## Exercise aim
What you submit must be an exact copy of the listing below, with no images in it.

## Recorded data

*** Block opens ***

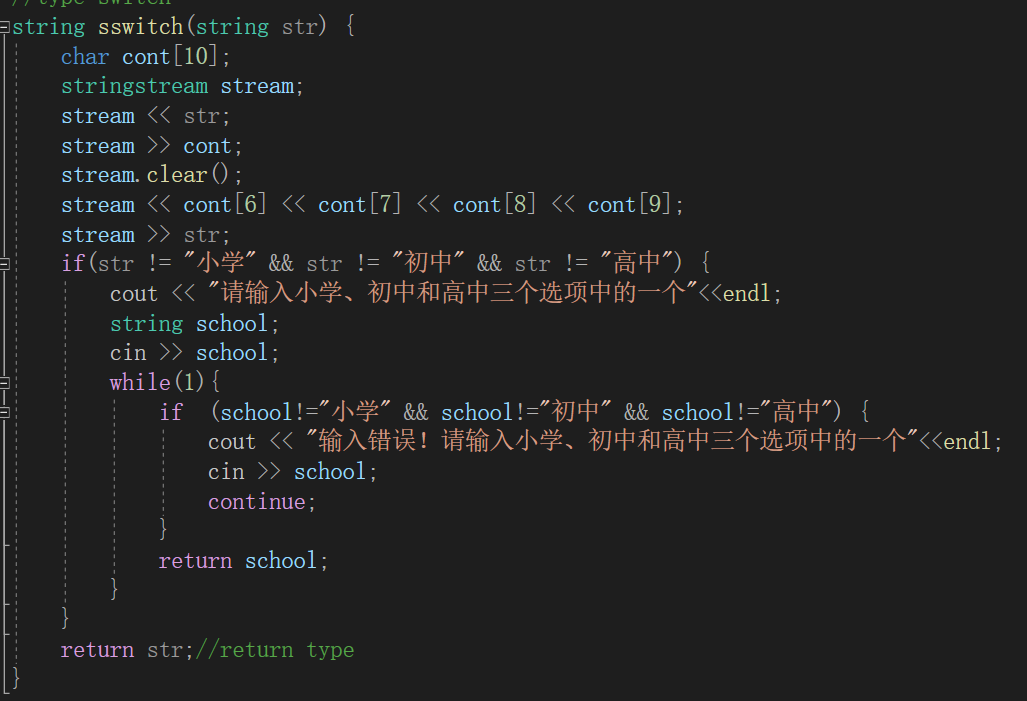 在该sswitch函数中,使用stringstream函数将字符串转为char数组,也可以使用c_str,c_str函数的返回值是const char*的,不能直接赋值给char*,所以就需要进行相应的操作转化「通过strcpy函数」。
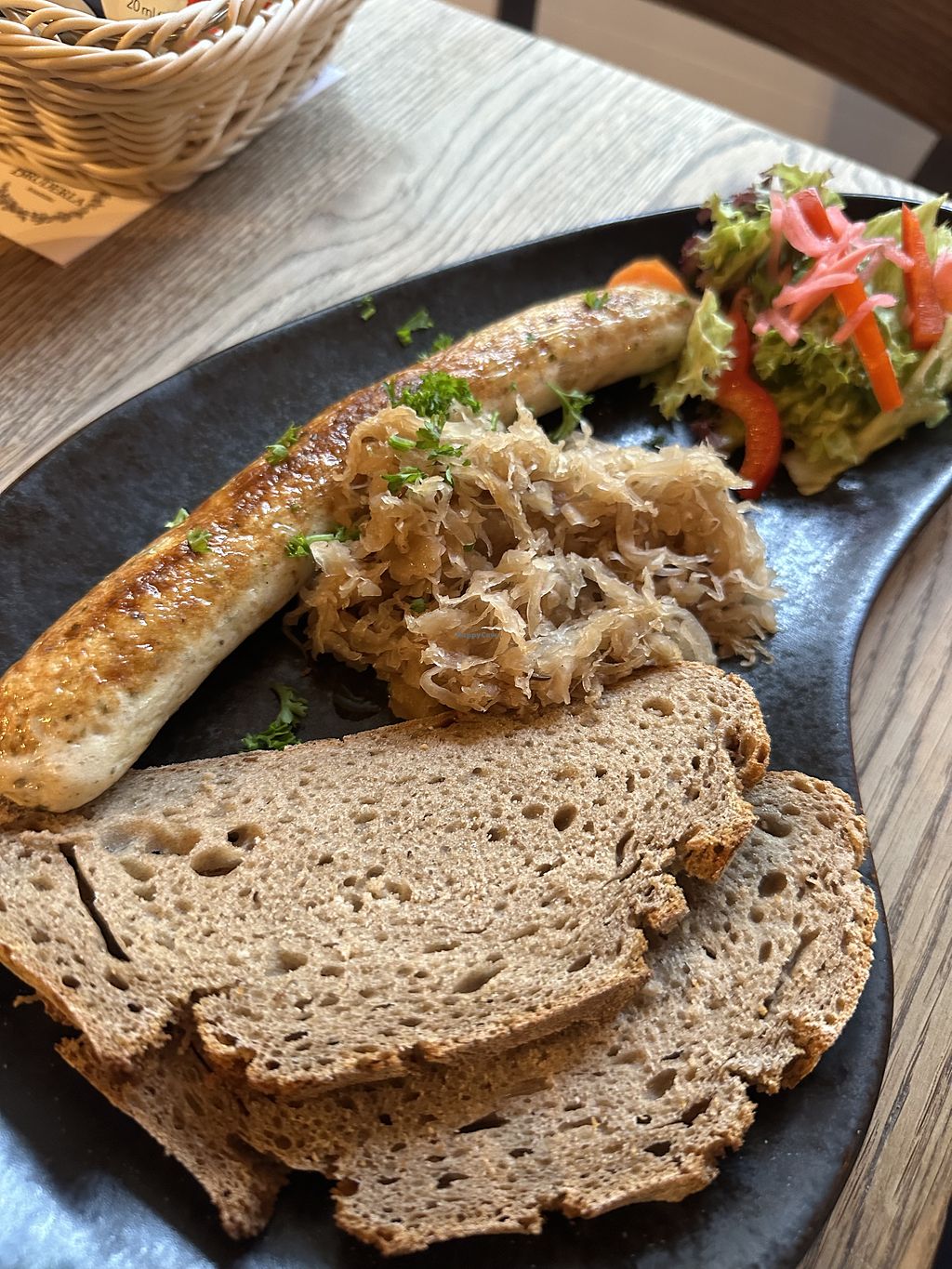 Bratwurst mit Kraut und Brot
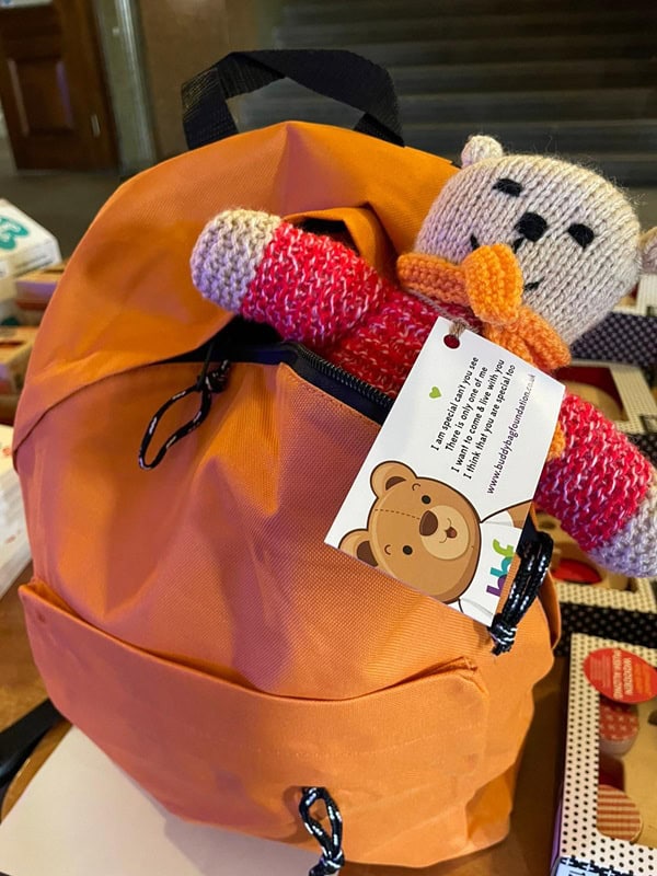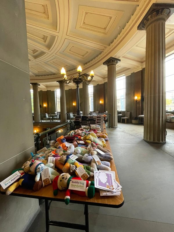 The iconic surroundings of St George’s Hall provided a beautiful backdrop, while the Buddy Bag Brigade packed bags with toiletries, pyjamas, books, toys and a soft teddy – hand-knitted by generous volunteers from across the UK.

*** Block closes ***

## Result of the task
 在该sswitch函数中,使用stringstream函数将字符串转为char数组,也可以使用c_str,c_str函数的返回值是const char*的,不能直接赋值给char*,所以就需要进行相应的操作转化「通过strcpy函数」。
 Bratwurst mit Kraut und Brot
 The iconic surroundings of St George’s Hall provided a beautiful backdrop, while the Buddy Bag Brigade packed bags with toiletries, pyjamas, books, toys and a soft teddy – hand-knitted by generous volunteers from across the UK.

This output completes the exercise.